Şimdi Çanakkale ile ilgili ne zaman bir materyal görsem, dikkat kesiliyorum. Troya’ya da gittim ama maalesef kapalıydı, o içimde kalan ukdeyle, yeniden giderim ümidiyle okumalara başladım. Tam da böylesi hevesimin arttığı bir dönemde, İbrahim Dizman’ın ‘Suyun ve Rüzgârın Şehri: Çanakkale’ derlemesi kapımı çaldı. Diyebilirim ki bir çırpıda bitirdim kitabı. Birbirinden değerli araştırmacı, yazar, küratör, eski belediye başkanı ve Çanakkale gönüllüsünün kaleme aldığı makalelerden oluşan derleme; Çanakkale’nin tarihini, kültürünü, coğrafyasını, dillerini, âdetlerini, yaşam biçimini merak edenler için fazlasıyla tatmin edici.
Antik dönemin en önemli merkezlerinden Troya’nın ev sahibi olan bölgede Homeros’un ‘İlyada’sında bahsettiği mitolojik öykülerin peşine de düşüyorsunuz, uçsuz bucaksız ovalarda yaşayan Pomakların yaşam mücadelesinin de. Kitap sizi antikçağdan başlayıp, sosyokültürel değişim süreçlerini ele alarak günümüze kadar dolaştırıyor. Çanakkale’deki kentli hayatı; Yahudilerin, Rumların, Ermenilerin bıraktığı izleri, davullu klarnetli müzik kültürünü, bereketli Yenice’yi, Biga’yı, bağcılığı, Bozcaada ve Gökçeadalı ada kültürünü kitaptaki makalelerle özümsüyorsunuz. Gece yakılan maşıngaların (kuzine) etrafında anlatılan Çanakkale’nin destansı savaş hikâyelerini gözlerinizden yaşlar akarak okurken, tarihin unutulmaz savaşlarına sahne olan bu bölgeye olan bağınız daha da güçleniyor.

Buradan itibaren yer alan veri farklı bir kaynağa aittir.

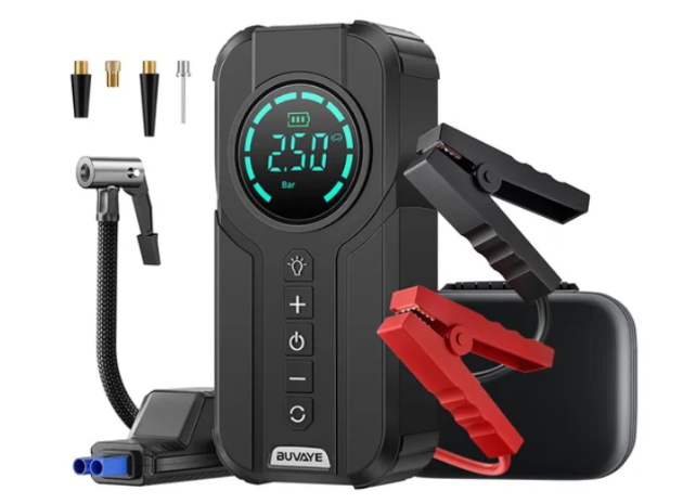 Уникальное устройство, сочетающее в себе пусковое устройство для автомобиля (Jump Starter) и мощный воздушный насос. Подходит для автомобилей с бензиновыми и дизельными двигателями.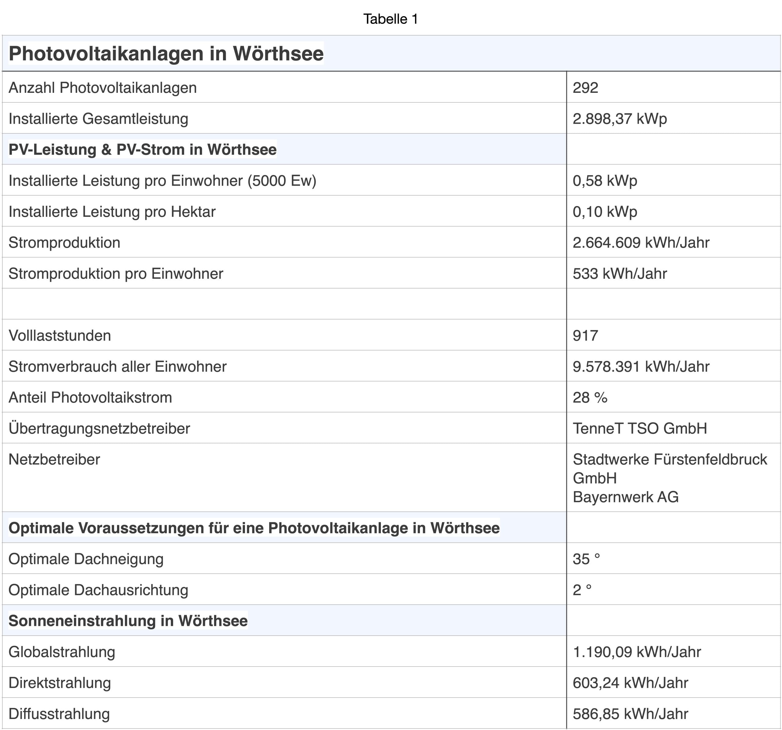 PV Anlagen in Wörthsee 2021. Eigene Zusammenstellung nach Bundesnetzagentur und „Rechnerphotovoltaik.de„

Memlekette her güzelliğin bir bedeli de oluyor. Kitap, Kaz Dağları’ndaki altın madenciliği ile Biga gibi tarım ve hayvancılığın önde gelen bölgelerinde yapılan termik santralların, ekolojik dengeyi altüst edecek yeni ‘Truva atları’ olduğundan da bahsediyor. Antikçağlardan bu yana, savaşların sebebinin ekonomi ve tarımsal zenginlik sahibi topraklar olduğunu düşününce, bu denli bir bozgun hareketinin neden bu bereketli topraklara yapıldığına isyan etmemek mümkün değil.
Binpınarlı İda’nın bereketi daha çok yarınları kurtarsın, Troya’nın gözyaşları dinsin istiyoruz. Bu derlemeyi edinin, evinizden Poseidon’un rüzgârlarının uğultusunu eksik etmeyin.